So I will go ahead and be transparent. Only read if you care about what's going on in my life.
(Oh, crap. I promised myself my blog wouldn't be one of those blogs people read to feel better about their own lives.)
I'm very frustrated right now at a lot of people.
I'm very upset that my friend Ben is willing to forsake all of his friends for a possessive controlling girl. I've decided not to go to the wedding. I can't condone this. I love Ben, of course, but I can't watch him throw his life away. If he would step back for a second and see what he is doing to his friends' lives he would realize it isn't worth it.
I'm angry at my dad. He is going to have Gastric Bypass surgery. I won't come home for the surgery. If he goes through with it I won't be going home this summer at all. After he has the surgery and loses weight he will pick on my sister and I all the time about our wieght. He has been on one (1) diet my entire life! He feels that he has been on every diet plan known to man and it's physically impossible for him to lose weight any other way. That's bull.
I'm angry at my dad's unrealistically high standards for everything I do. He was angry at me that I only got a 3.5 gpa last semester. I needed a 3.6 to get on the dean's list. I worked my butt off for that gpa ... and now I realize that everything I did last semester was worthless. A mission agency isn't going to care whether I got an A or a B in a core class. If I do my best and it isn't good enough for anyone why even try?

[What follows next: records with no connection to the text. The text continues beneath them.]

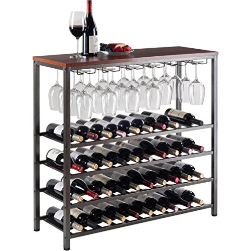 -. Feature : 40-bottle capacity. Assembly required / Product Dimensions 26.4"H x 14"W x 38"L / Room for 24 standard-size wine glasses. Antique bronze finish with walnut finish top
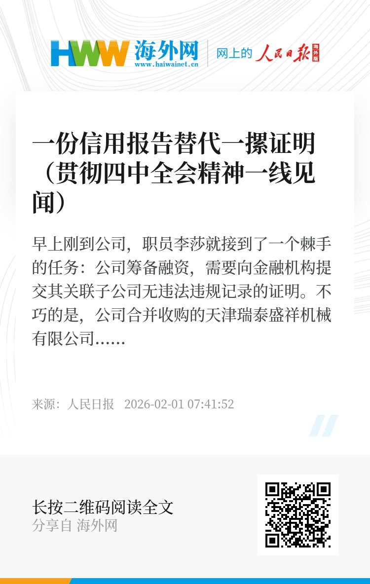 如今,“信用代证”的应用场景还在不断延伸:援外医疗项目中,个性化的信用证明能快速出具;招考录用、评优评先时,相关信用记录也能“一键调取”。从本地到跨地区,从便企到惠民,“信用代证3.0”改革正把“信用红利”送到更多人身边。
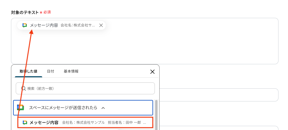 例えば、Google Chatのメッセージをもとにboardの顧客情報を自動で作成したり、特定の条件に合致する情報のみを連携させたりと、柔軟な設定ができます。
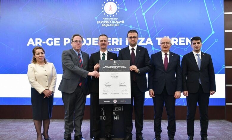 Savunma Sanayii Başkanlığı (SSB) koordinasyonunda düzenlenen törenle, savunma ve güvenlik teknolojileri alanında 14 yeni Ar-Ge projesinin sözleşmeleri imzalandı. Ağ destekli sistemlerden elektronik harbe, otonom hava-deniz sistemlerinden itki ve siber güvenlik alanına kadar farklı sektörler için geliştirilecek teknolojiler, ülkemiz savunma sanayiimizin yerli ve milliliğine katkı sunacak.
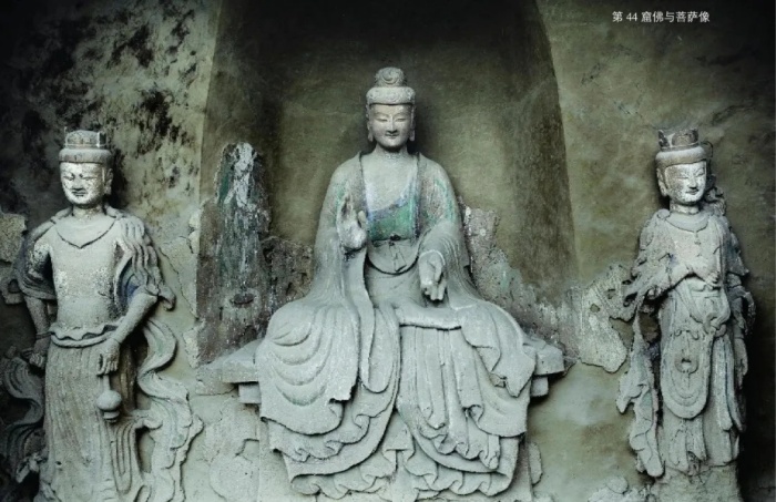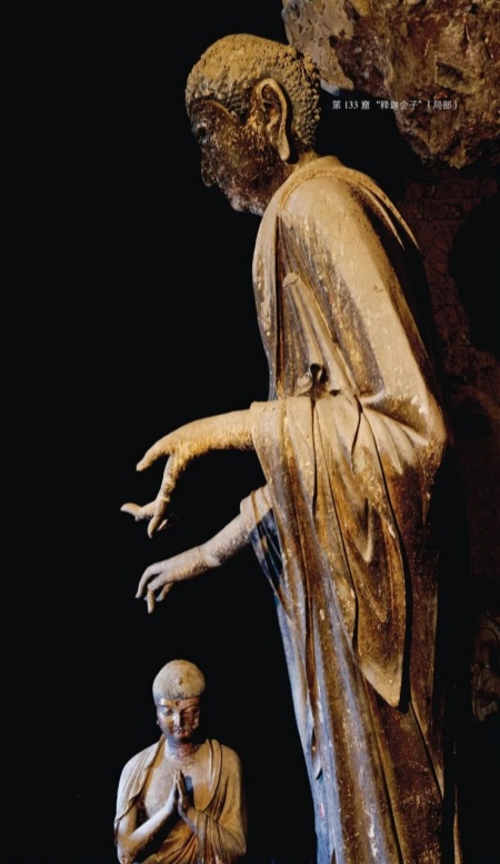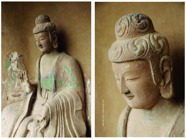 “东方美人”坐在第44窟正壁前。她头束水涡纹高肉髻,面如满月,鼻梁挺直,嘴角那抹浅笑像刚融化的春水,端庄里透着母性的娴静。这尊西魏造像被认为是以乙弗皇后为原型。书中说她“衣纹如水波垂落,似莲花绽放”,泥塑厚重却线条流畅,仿佛能看到她轻轻呼吸的弧度。站在她面前,会懂得什么叫慈悲:不是高高在上的威严,而是看透人间悲欢后,依然愿意温柔注视的目光。这抹微笑穿越了千年,成了麦积山最动人的名片。

If it comes down to either spending more time building relationships with my youth group or doing chapter summaries for a Bible class ... I'm going to be building relationships. All of my Bible classes haven't brought me one step closer to Christ. When I build a relationship and share my faith with a teen in youth group he or she moves closer to Christ. I realize that the ministries I have an active part in are things that I am called to do. Many of my classes I am only taking because I have to get them out of the way. I rejoice in a few of my classes, but for the most part they just fill a requirement.
I want my life to be lived vibrantly in ministry ... not filled to the brim with requirements. I still plan on doing my homework and going to classes, but if it's too much ... well I'm going to focus on Jesus - Most student's here don't want their ministries to interfere with their grades. I think that's why my college has such a bad testimony in my town.